(Exercise brief) The listing below should be reproduced precisely, except for its images.

(Collected data)
--

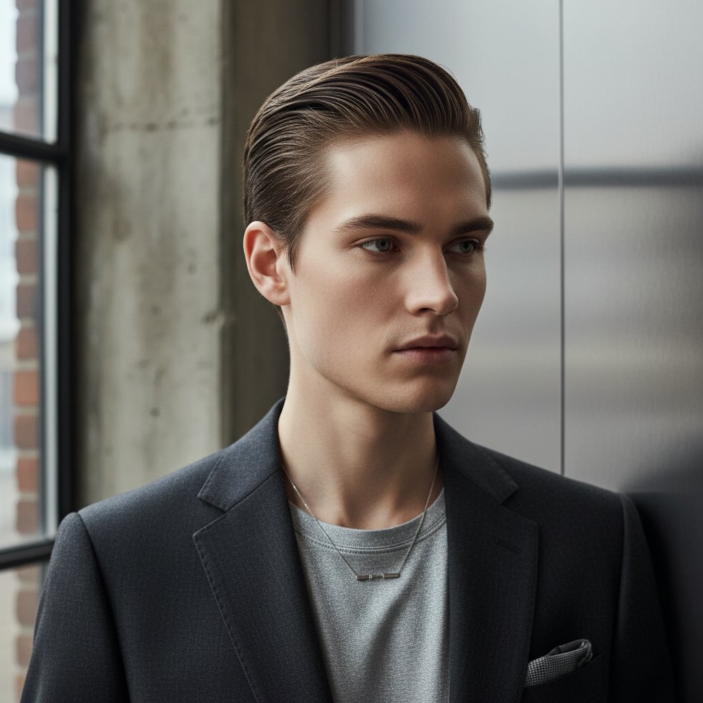 The side part with a slicked-back style is ideal for those looking to merge classic professionalism with contemporary sleekness.
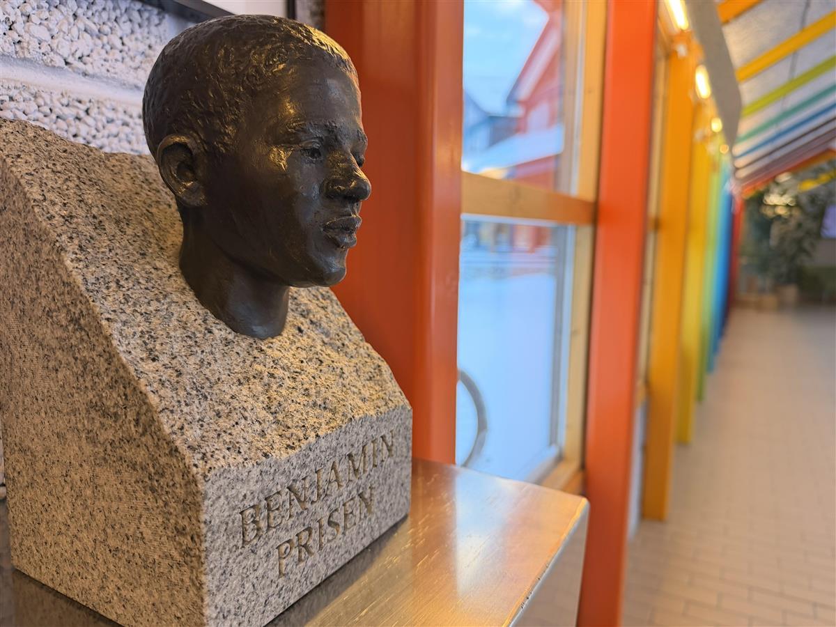 Statuen av Benjamin har en sentral plass i skolens inngangsparti
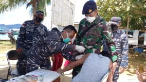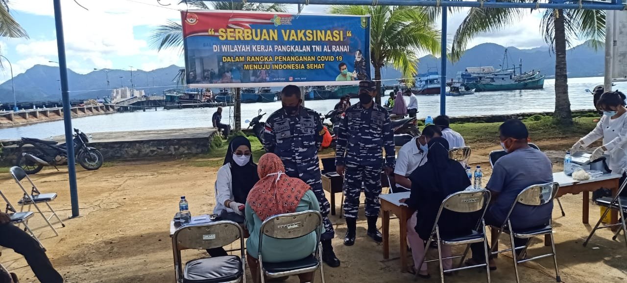 Natuna – Pangkalan TNIAngkatan Laut Ranai (Lanal Ranai) sedang gencar-gencarnya menggelar kegiatan Serbuan Vaksin Covid-19 Untuk Masyarakat Maritim sesuai instruksi Kepala Staf Angkatan Laut Laksamana TNI Yudo Margono, S.E., M.M., untuk mensukseskan Program Vaksinasi Nasional 1 juta orang perhari.

--

(Solved problem)
 The side part with a slicked-back style is ideal for those looking to merge classic professionalism with contemporary sleekness.
 Statuen av Benjamin har en sentral plass i skolens inngangsparti
 Natuna – Pangkalan TNIAngkatan Laut Ranai (Lanal Ranai) sedang gencar-gencarnya menggelar kegiatan Serbuan Vaksin Covid-19 Untuk Masyarakat Maritim sesuai instruksi Kepala Staf Angkatan Laut Laksamana TNI Yudo Margono, S.E., M.M., untuk mensukseskan Program Vaksinasi Nasional 1 juta orang perhari.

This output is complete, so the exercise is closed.